Monday Miscellany: Puns, Purple Line, Pets


Screen Shot 2014-02-24 at 8.03.37 AM1.  Watch out friends, “that’s ambiguous news!” might be my new favorite exclamation. Leah on the Congressional Budget Office.

2. I’ve a hunch that this exchange (excerpted at right) from A Moment of Innocence will make some large portion of my readers go all starry-eyed.

3. The What Happens After Game, a coping strategy via Mitchell.

4. A list of weird psych experiments. I’m pretty unnerved by what the footsie experiment implies…and unnerved that I can say “unnerving footsie experiment” and mean it.

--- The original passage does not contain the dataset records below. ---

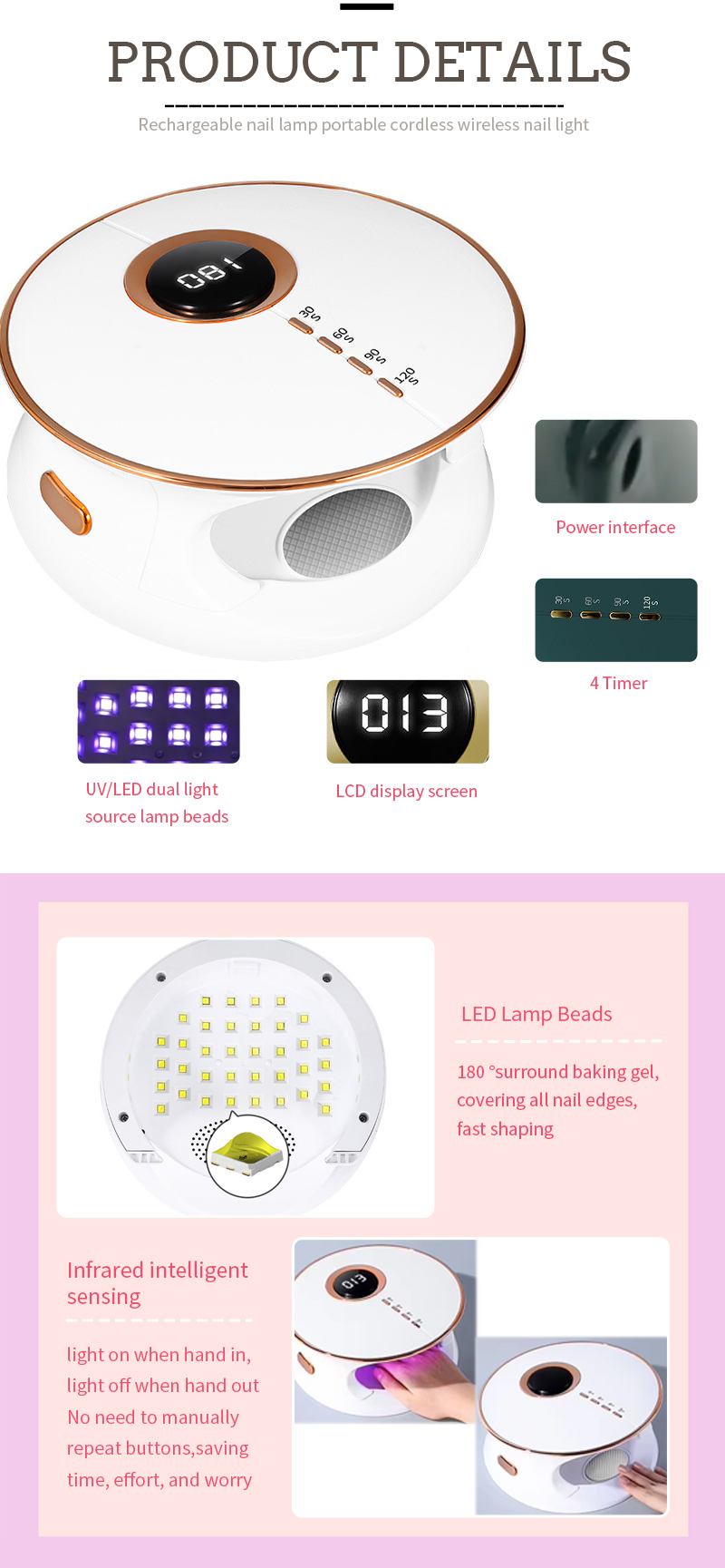 • Բարձր էներգիայի հզոր LED լամպ, 10-ականների արագ բուժման գել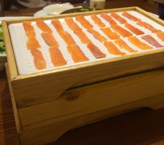 我们六人吃一条东江湖优质水源养得淡水三文鱼,肉美味鲜,喜欢,嘻嘻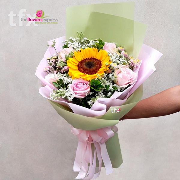 It is a combination of imported pink roses with sunflower in the middle.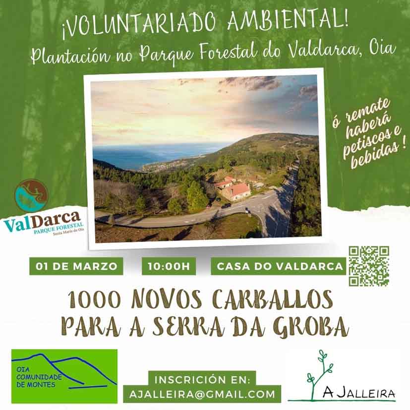 La CMVMC de Santa María de Oia y la Asociación A Jalleira organizan una jornada de reforestación el sábado 1 de marzo, donde se plantarán 1000 carballos en el Parque Forestal do Valdarca.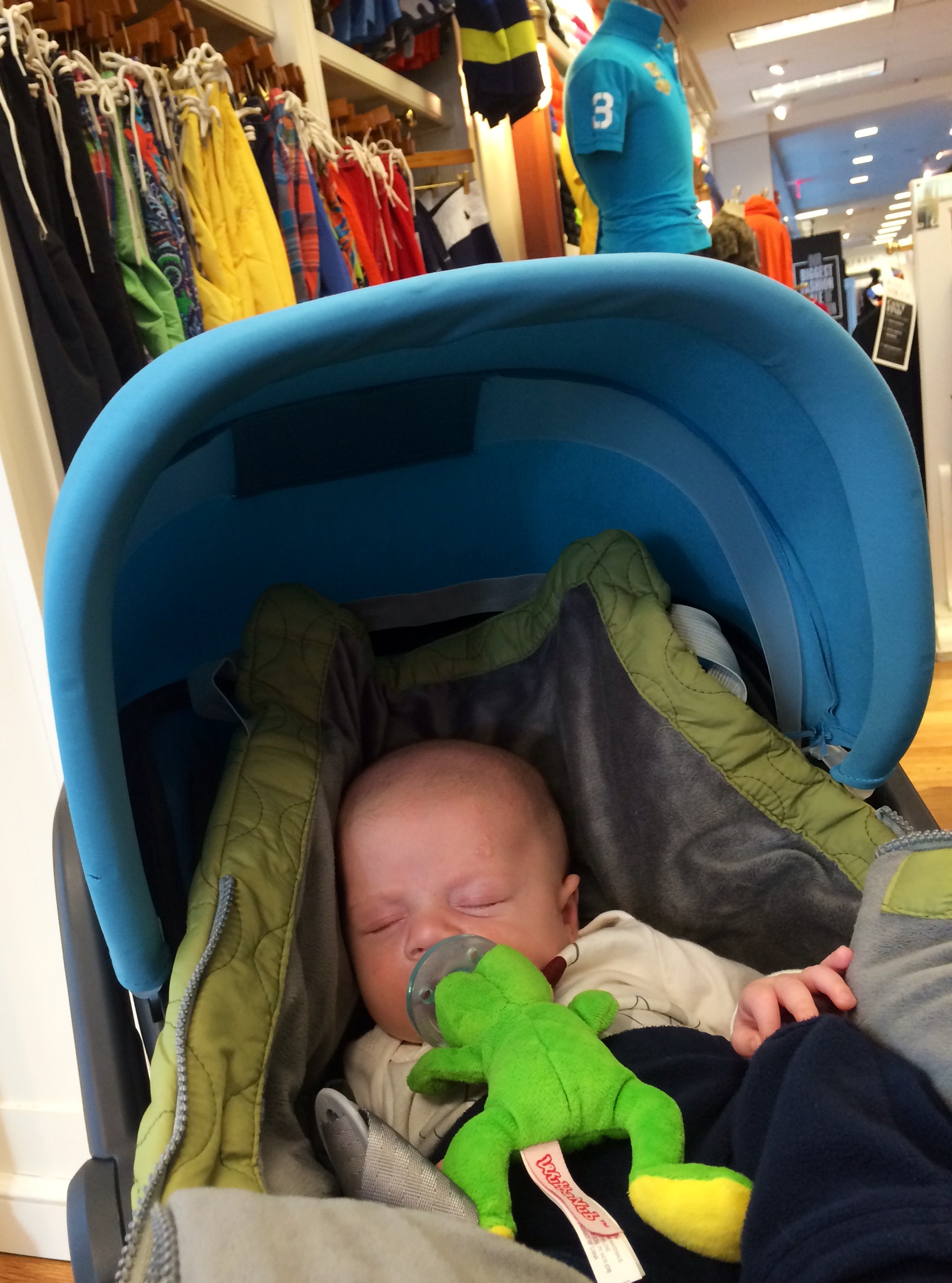 9. Celebrate small wins – One of my best friends offered me great advice (thanks Bethany!). She said, don’t get worked up about all the things you don’t accomplish during the day with an infant, instead celebrate one or two small things you successfully tackle. For example, today my goal is to write three thank you notes and finish my blog post. So far, so good 🙂 This past weekend Kristian, Caleb and I tackled our first shopping outing at Lord and Taylor together. Caleb loved the colors in the Ralph Lauren section!

5. Today in catering to my exact interests, someone’s made a map of coffee shops by their proximity to Chicago’s public transportation. I can personally vouch for everything off the Purple Line.

6. A thoughtful discussion of owning and pets and pet diets for vegans and vegetarians.

7. Open adoption is the most common standard in adoption services now. (The author claims 95%, when I worked in adoption services I was told around 85%). This piece from The Atlantic is a warm story of what that can look like.

8. A self-experiment in noticing confusion. Linking to this not because it was new to me, but because it’s the sort of psych-ish-somewhat-related-articles I enjoy finding on Less Wrong.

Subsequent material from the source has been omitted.